**Input**
______

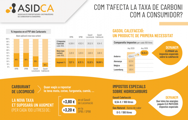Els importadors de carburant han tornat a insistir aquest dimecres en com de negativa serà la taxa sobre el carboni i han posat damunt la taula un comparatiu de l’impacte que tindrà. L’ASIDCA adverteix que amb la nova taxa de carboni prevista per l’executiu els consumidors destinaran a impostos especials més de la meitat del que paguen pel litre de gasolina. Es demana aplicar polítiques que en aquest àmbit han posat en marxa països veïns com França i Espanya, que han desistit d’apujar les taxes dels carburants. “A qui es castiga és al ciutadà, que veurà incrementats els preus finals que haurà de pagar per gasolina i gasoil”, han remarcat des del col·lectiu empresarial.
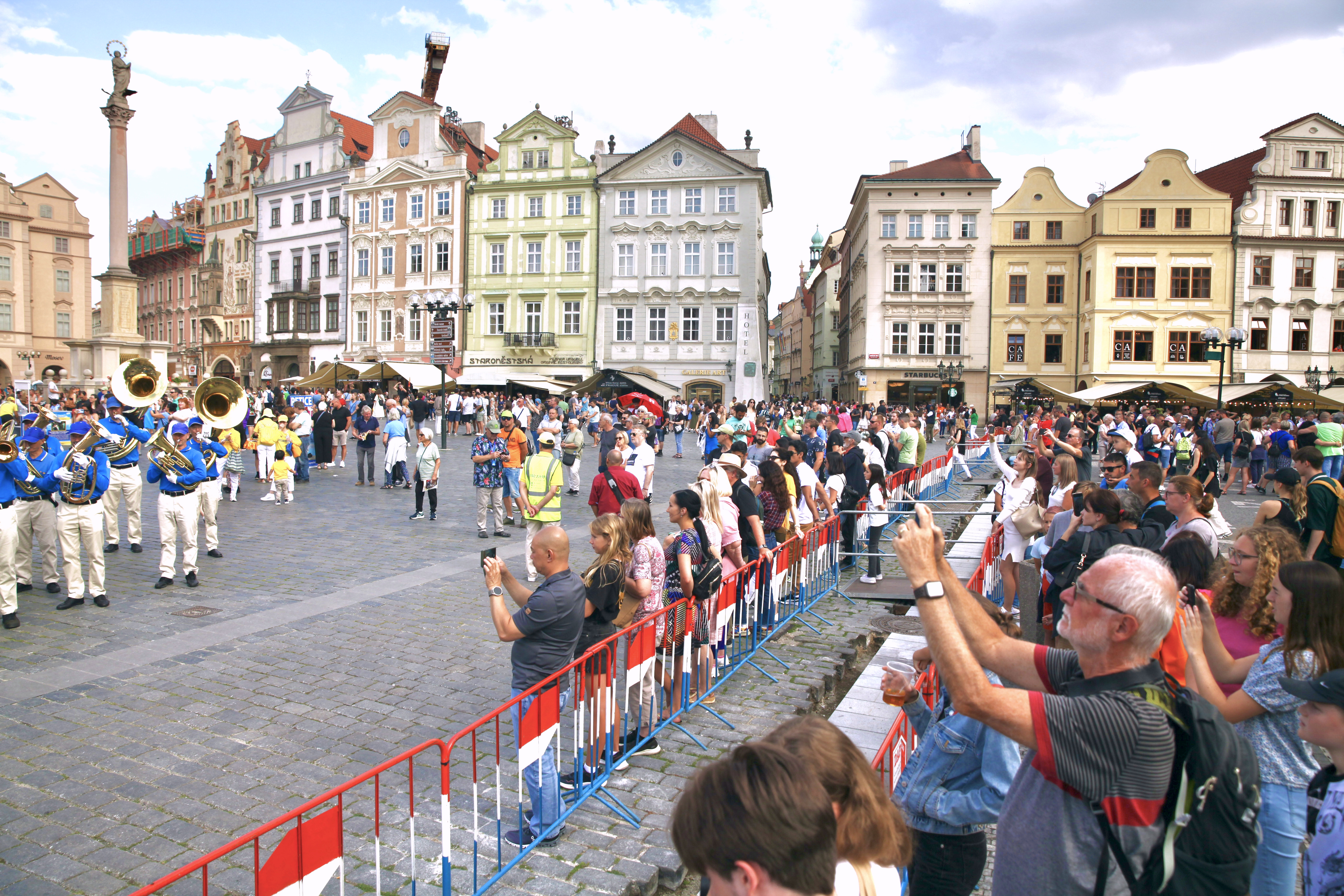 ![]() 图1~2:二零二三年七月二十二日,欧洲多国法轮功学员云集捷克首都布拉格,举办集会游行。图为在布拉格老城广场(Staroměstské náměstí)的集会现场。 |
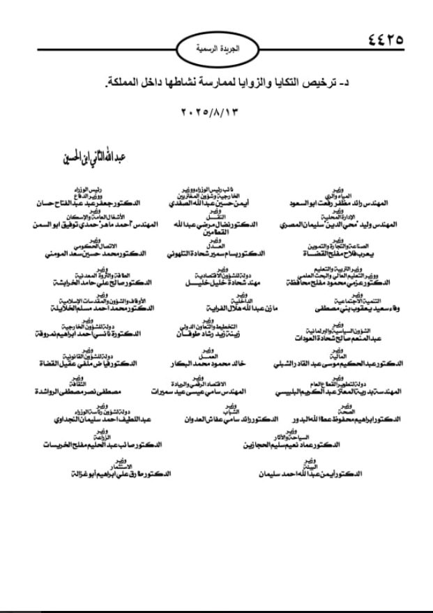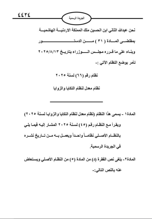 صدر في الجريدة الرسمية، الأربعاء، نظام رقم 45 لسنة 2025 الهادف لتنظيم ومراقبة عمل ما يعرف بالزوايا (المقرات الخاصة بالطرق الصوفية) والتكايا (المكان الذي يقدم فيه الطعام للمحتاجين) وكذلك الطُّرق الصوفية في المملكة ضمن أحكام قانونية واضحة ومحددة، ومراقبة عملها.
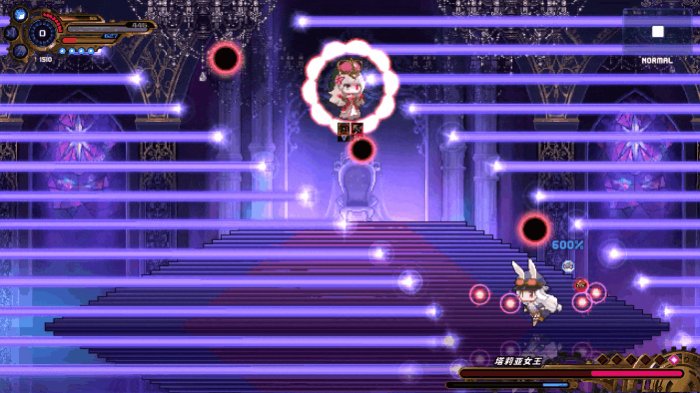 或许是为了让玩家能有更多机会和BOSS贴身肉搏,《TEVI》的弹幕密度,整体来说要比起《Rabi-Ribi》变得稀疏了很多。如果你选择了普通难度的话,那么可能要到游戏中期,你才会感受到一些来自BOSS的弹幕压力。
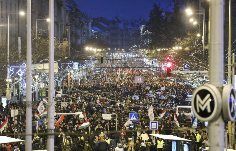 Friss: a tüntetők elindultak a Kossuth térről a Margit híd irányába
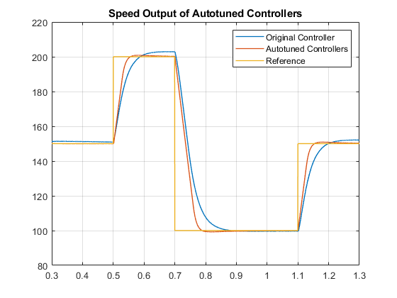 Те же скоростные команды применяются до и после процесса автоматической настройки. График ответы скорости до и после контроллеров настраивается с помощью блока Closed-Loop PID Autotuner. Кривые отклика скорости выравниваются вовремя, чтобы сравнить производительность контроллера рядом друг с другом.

______

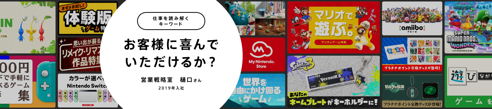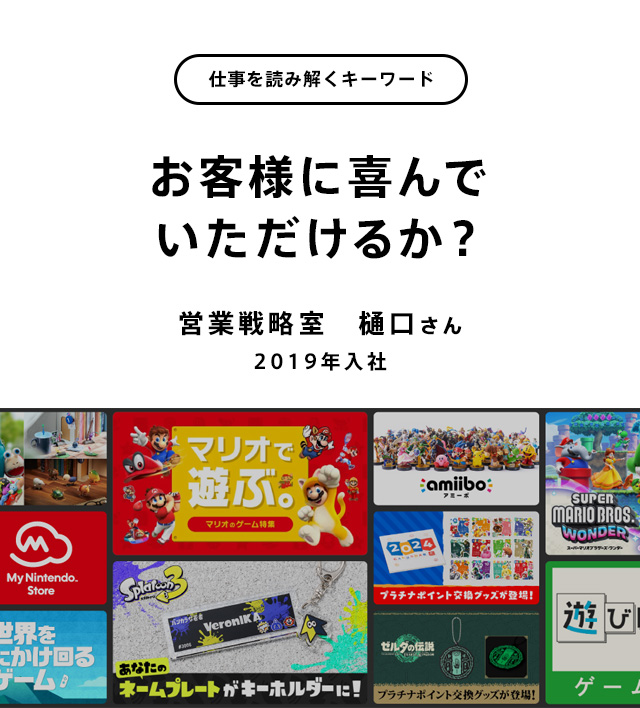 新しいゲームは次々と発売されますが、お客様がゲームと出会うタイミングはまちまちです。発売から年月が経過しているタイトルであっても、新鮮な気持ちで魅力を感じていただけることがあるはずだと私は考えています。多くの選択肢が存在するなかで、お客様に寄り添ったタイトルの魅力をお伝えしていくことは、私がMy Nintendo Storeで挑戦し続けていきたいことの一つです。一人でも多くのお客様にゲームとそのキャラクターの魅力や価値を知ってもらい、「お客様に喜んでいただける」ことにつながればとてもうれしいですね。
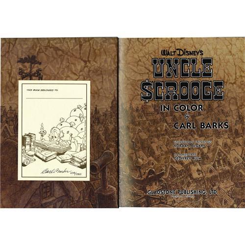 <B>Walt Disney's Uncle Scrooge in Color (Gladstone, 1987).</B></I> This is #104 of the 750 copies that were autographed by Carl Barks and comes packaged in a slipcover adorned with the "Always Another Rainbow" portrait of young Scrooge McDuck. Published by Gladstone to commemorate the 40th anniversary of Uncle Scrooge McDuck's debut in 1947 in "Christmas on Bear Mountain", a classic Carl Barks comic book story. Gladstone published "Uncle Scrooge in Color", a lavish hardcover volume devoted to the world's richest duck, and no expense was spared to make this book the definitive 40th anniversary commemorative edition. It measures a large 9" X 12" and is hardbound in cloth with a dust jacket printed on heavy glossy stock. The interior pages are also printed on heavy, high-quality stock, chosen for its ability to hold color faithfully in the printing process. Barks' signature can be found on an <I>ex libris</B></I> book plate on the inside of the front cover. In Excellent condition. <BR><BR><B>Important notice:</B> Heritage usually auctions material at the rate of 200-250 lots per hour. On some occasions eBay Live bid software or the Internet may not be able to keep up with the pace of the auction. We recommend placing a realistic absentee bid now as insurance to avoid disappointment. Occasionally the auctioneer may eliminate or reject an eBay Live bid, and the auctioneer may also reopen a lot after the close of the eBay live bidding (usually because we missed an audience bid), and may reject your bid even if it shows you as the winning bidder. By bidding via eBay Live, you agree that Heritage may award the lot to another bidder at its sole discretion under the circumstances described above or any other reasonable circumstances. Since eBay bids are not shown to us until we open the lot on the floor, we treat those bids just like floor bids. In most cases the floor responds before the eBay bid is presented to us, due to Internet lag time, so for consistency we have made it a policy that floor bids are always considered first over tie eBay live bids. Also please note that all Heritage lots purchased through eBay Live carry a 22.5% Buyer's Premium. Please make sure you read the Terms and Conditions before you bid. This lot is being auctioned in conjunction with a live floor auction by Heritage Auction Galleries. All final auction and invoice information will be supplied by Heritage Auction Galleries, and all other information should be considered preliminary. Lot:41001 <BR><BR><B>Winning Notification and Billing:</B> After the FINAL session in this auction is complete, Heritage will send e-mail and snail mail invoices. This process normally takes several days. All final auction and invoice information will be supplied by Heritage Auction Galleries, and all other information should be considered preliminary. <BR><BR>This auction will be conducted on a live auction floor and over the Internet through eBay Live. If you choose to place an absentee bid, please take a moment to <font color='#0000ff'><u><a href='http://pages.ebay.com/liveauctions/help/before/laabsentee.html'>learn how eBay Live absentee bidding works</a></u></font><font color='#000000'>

______

The material above holds pictures; leave them out. Repeat exactly the lines from the one containing "Friss: a tüntetők" through the one containing "Те же скоростные", and nothing else.

**Result below**
 Friss: a tüntetők elindultak a Kossuth térről a Margit híd irányába
 Те же скоростные команды применяются до и после процесса автоматической настройки. График ответы скорости до и после контроллеров настраивается с помощью блока Closed-Loop PID Autotuner. Кривые отклика скорости выравниваются вовремя, чтобы сравнить производительность контроллера рядом друг с другом.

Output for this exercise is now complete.